Canada Goose (TSX:GOOS) Up 22%: Should You Buy This Consumer Stock?

3 min read | February 05, 2021 01:12 PM GMT | By Kunal Sawhney

The pandemic-triggered drop in consumer spending, especially when it came to non-essentials such as seasonal clothing, saw Canada Goose’s  (TSX:GOOS) business take a hit earlier in 2020. But its latest, generally positive earnings report released on Thursday, February 4, seems to have reassured investors quite a bit.

Stocks of this winter apparel maker took a flying start early on Thursday, hitting a fresh 52-week high of C$ 58.52. At close, Goose stocks were up by over 22 per cent to C$ 54.95, bringing their year-to-date growth to over 45 per cent.

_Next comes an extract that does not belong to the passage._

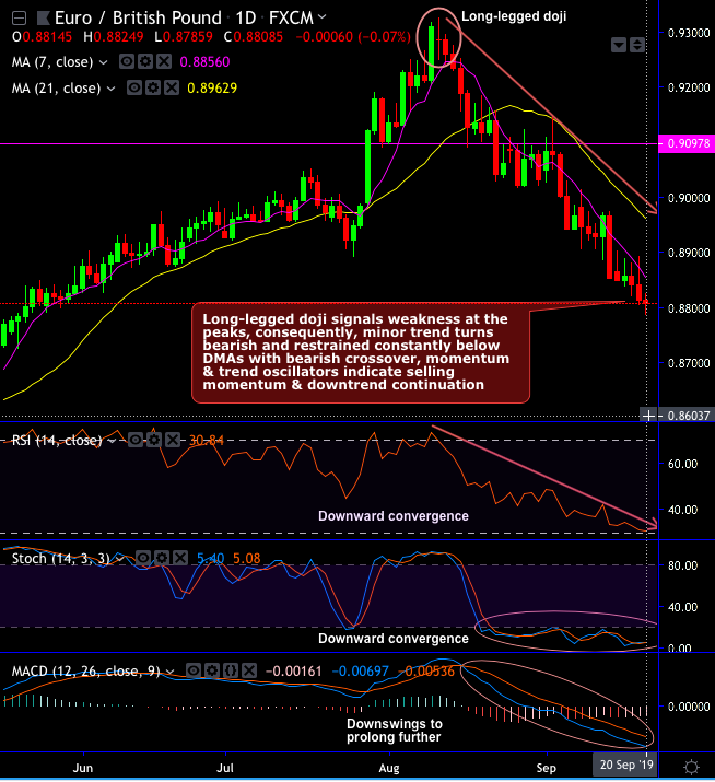 EURGBPminor trend has been grinding lower ever since the formation of long-legged doji at 0.9284 level that signals weakness at the peaks, consequently, bears were back in action to plummet the prices and restrained constantly below DMAs with bearish crossover. The momentum and trend oscillators indicate selling momentum & the downtrend continuation respectively.

This stock price surge came after the company’s 2020 third quarter financials beat Wall Street analysts' expectations.

 

What Does Canada Goose’s Latest Financials Show?


Market analysts surveyed by Thomson Reuters had estimated Canada Goose’s Q3 2020 earnings to stand at C$ 0.86 per share, on revenues of C$ 415.27 million.

Beating these projections, the company reported basic EPS of C$ 0.97 and a diluted EPS of C$ 0.96 for the third quarter ending December 27, 2020. Its Q3 2020 revenue was also higher at C$ 474 million, increased from that of C$ 452.1 in Q3 2019.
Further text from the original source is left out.